Damar sempat mendengar keributan tersebut. Ia melangkah cepat ke pelataran rumah untuk mengecek keadaan. "Ada apa sih, Iva? Pergi sana kok masih ada di rumahku!" usirnya kasar.
"Seharusnya yang kamu pertanyaan pada wanita tua itu bukan padaku. Dia yang sudah berbuat onar dengan merebut surat tanah dan rumah yang sudah kamu berikan padaku."
Dengan menunjuk kasar ke arah Mamah Ila, Iva membela diri.
Damar beralih menatap ke arah Mamahnya yang saat ini menyembunyikan kedua tangannya di punggung.
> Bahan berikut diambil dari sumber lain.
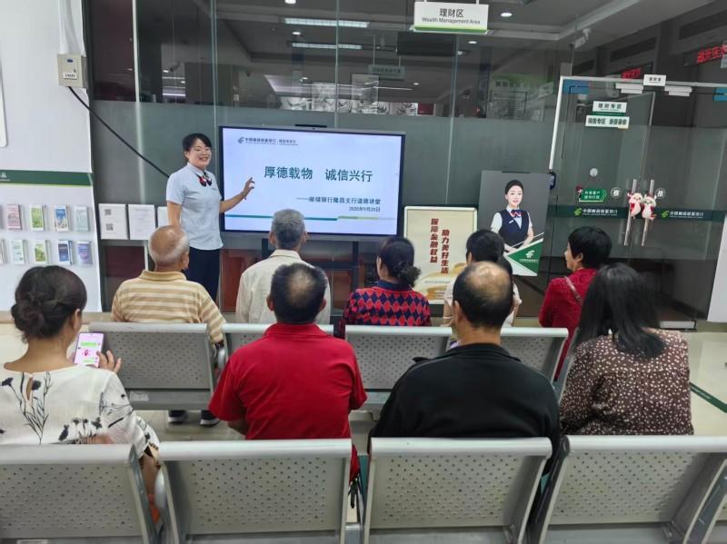 为加强诚信文化建设,提升客户的信用意识,邮储银行隆昌市支行于2025年9月20日公民道德宣传日当天在厅堂成功举办了以“厚德载物,诚信兴行”为主题的道德讲堂活动。

"Mah, cepat kembalikan! Biar dia lekas pergi dari sini karena aku sudah muak melihat wajahnya yang lusuh dan dekil serta tubuhnya yang bau sekali," perintah Damar sembari mengejek Iva.
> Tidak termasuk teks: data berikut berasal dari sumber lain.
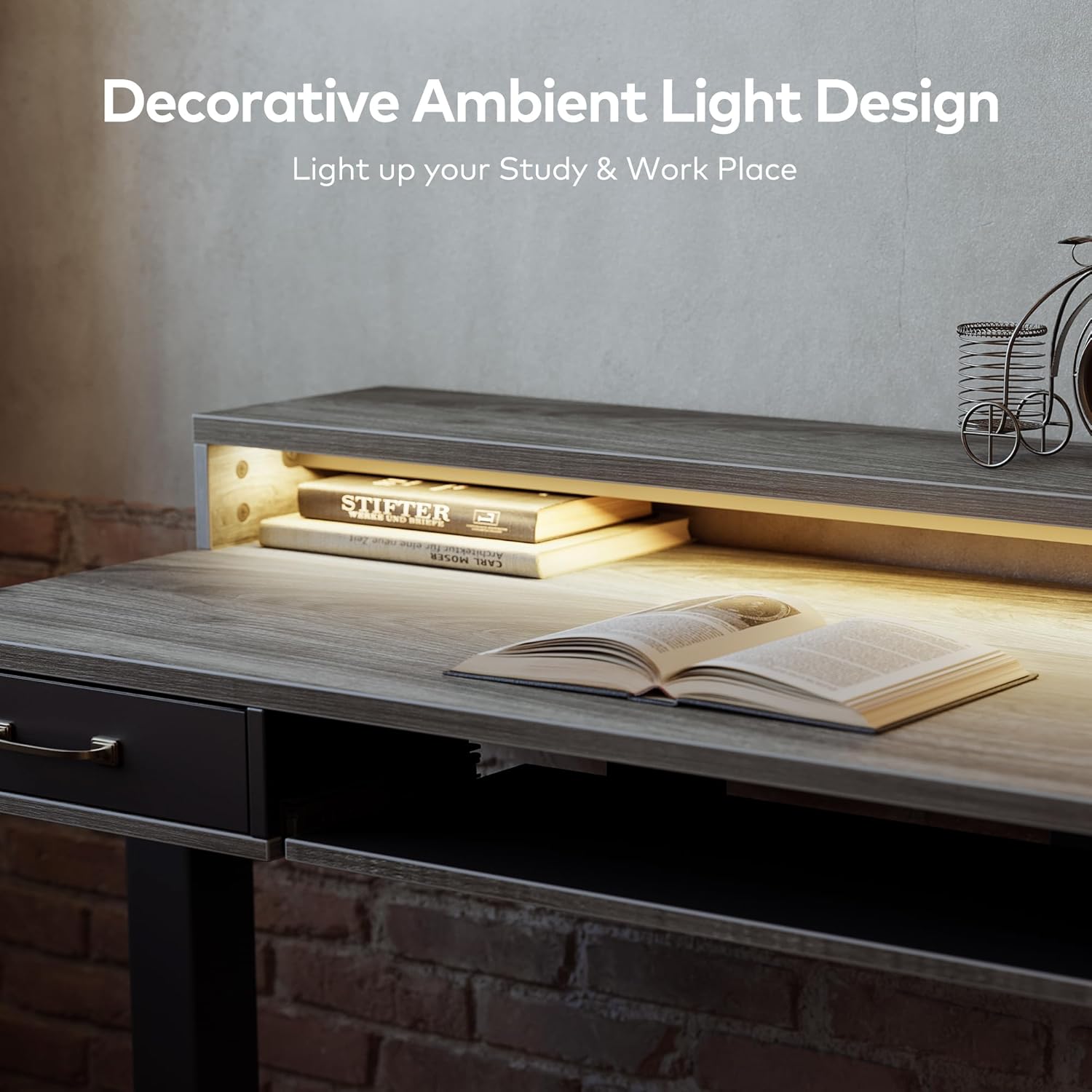 FEZIBO 55 x 24 Inch Height Adjustable Electric Standing Desk with Double Drawers&Keyboard Tray, Stand Up Desk with LED Strips&Monitor Stand,Rustic Grey Top

Tapi Mamah Ila justru kukuh pada pendiriannya. Ia tidak rela Damar memberikan rumah untuk Iva. "Nggak akan Mamah berikan, enak saja. Toh selama ini kamu yang lelah dan capek bekerja, masa dia yang menikmati hasilnya."
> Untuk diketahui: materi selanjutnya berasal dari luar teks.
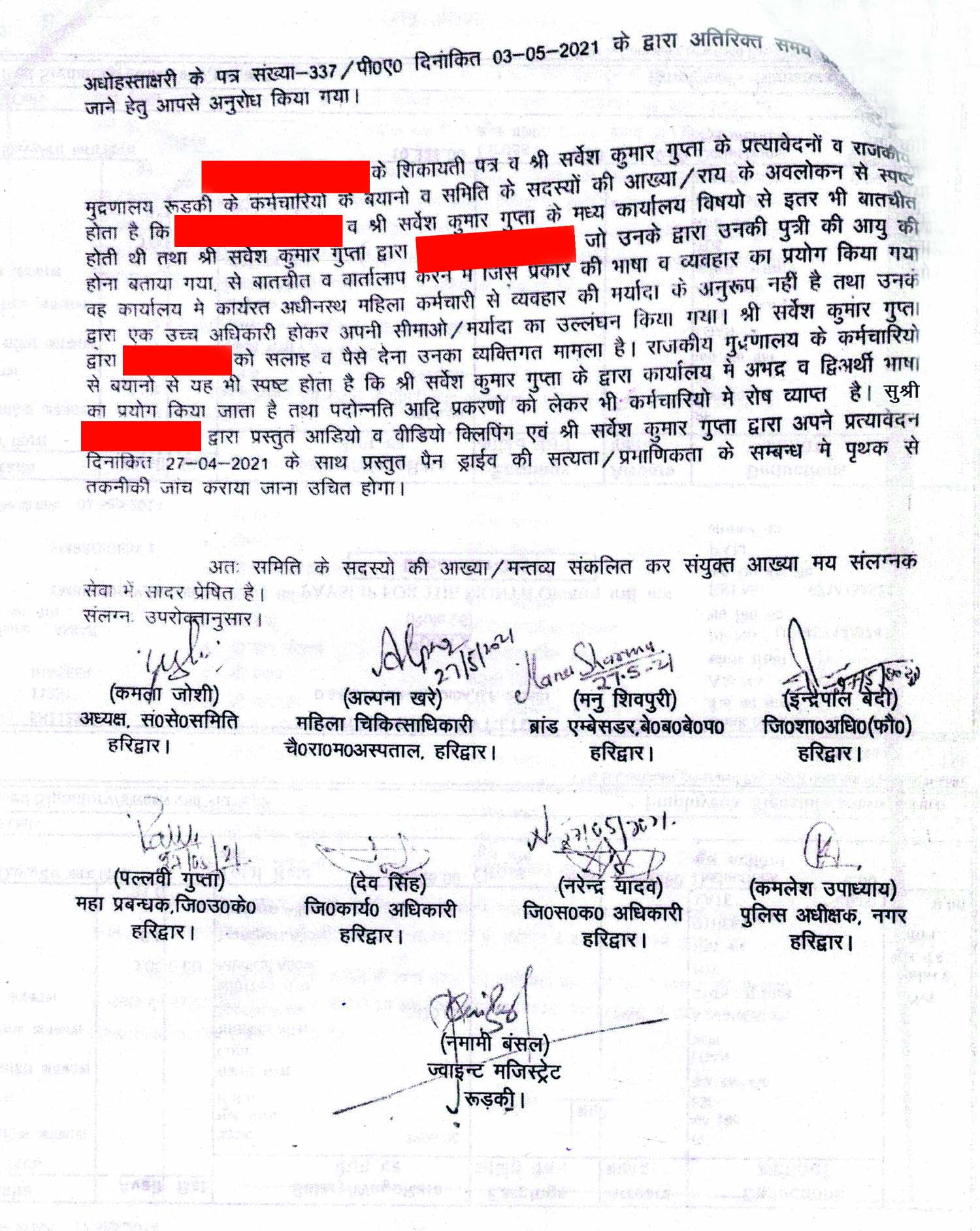 हरिद्वार की जिला उद्योग केंद्र की महाप्रबंधक पल्लवी गुप्ता ने अपनी जांच रिपोर्ट में आरोपी अधिकारी को दोषी माना है। उन्होंने कहा है कि ‘अधिकांश कर्मचारियों जिनमें महिला कर्मचारी भी शामिल हैं, द्वारा सर्वेश कुमार गुप्ता के अभद्र व्यवहार एवं द्विअर्थी भाषा का प्रयोग करना स्वीकार किया गया है तथा यह भी महसूस किया गया है कि उनके विभागाध्यक्ष रहने से

"Heh, jangan sembarang kalau ngomong ya! Jika aku tidak memberikan modal yang bernilai puluhan milyar, mana mungkin anakmu yang pengangguran itu bisa mendirikan perusahaan. Perlu kalian tahu juga, setiap ada klien yang ingin bekerja sama itu juga aku yang merekomendasikan perusahaan barunya pada pengusaha-pengusaha kenalanku," ucap Iva mendengus kesal.
Hal ini sontak saja membuat Damar terkekeh mengejek. "Apa aku barusan nggak salah dengar? Kesuksesanku ini karena otakku yang cerdas dan juga jerih payahku sendiri. Untuk dana yang pernah kamu berikan dulu, bukannya itu keinginanmu sendiri? Aku tidak pernah loh mengemis meminta apapun darimu tapi kamu yang berinisiatif memberikan semua harta dan tabunganmu padaku. Lagi pula hartamu hartaku juga karena kita suami istri. Kenapa kamu jadi perhitungan? Itu sama saja tidak ikhlas. Aku jadi berubah pikiran untuk memberimu sebuah rumah. Perbuatan Mamah memang benar. Sudah sana pergi!"
Dengan sangat kasar Damar menyeret Iva ke luar pintu gerbang. Ia mendorong tubuh Iva dan nyaris saja wanita cantik itu terjatuh untung saja ada seorang pemuda tampan menopang tubuhnya. "Kamu tidak apa-apa?" tanyanya menatap iba ke arah Iva.
Sejenak Iva terperangah menatap pemuda itu. Begitu pula dengan Damar dan juga Mamah Ila. Lantas siapakah pemuda itu?